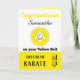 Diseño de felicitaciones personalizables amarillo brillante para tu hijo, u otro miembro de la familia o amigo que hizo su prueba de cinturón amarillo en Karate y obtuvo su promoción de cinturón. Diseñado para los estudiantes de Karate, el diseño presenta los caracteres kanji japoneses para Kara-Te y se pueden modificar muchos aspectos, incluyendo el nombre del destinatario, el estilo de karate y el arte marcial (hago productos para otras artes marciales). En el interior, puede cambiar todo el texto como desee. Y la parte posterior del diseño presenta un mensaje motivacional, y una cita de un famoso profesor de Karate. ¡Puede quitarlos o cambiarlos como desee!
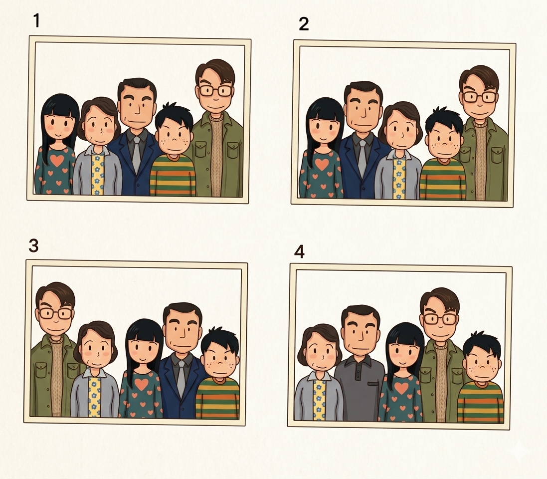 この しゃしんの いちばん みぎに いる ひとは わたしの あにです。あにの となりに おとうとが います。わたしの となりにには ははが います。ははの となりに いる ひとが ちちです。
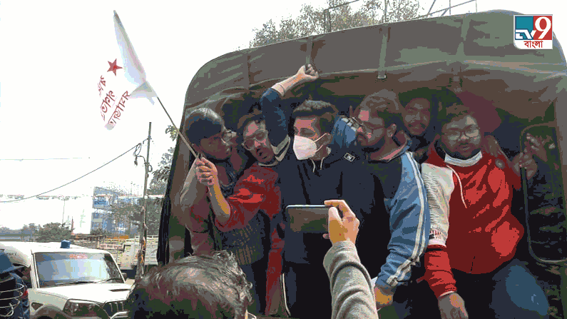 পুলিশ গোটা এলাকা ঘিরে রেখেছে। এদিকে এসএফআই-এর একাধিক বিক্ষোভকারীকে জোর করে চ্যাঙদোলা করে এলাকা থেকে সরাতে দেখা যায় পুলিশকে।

--------------------------------

Aim of the task = Leaving out the pictures, reproduce the whole listing above exactly.

Problem solution =
 Diseño de felicitaciones personalizables amarillo brillante para tu hijo, u otro miembro de la familia o amigo que hizo su prueba de cinturón amarillo en Karate y obtuvo su promoción de cinturón. Diseñado para los estudiantes de Karate, el diseño presenta los caracteres kanji japoneses para Kara-Te y se pueden modificar muchos aspectos, incluyendo el nombre del destinatario, el estilo de karate y el arte marcial (hago productos para otras artes marciales). En el interior, puede cambiar todo el texto como desee. Y la parte posterior del diseño presenta un mensaje motivacional, y una cita de un famoso profesor de Karate. ¡Puede quitarlos o cambiarlos como desee!
 この しゃしんの いちばん みぎに いる ひとは わたしの あにです。あにの となりに おとうとが います。わたしの となりにには ははが います。ははの となりに いる ひとが ちちです。
 পুলিশ গোটা এলাকা ঘিরে রেখেছে। এদিকে এসএফআই-এর একাধিক বিক্ষোভকারীকে জোর করে চ্যাঙদোলা করে এলাকা থেকে সরাতে দেখা যায় পুলিশকে।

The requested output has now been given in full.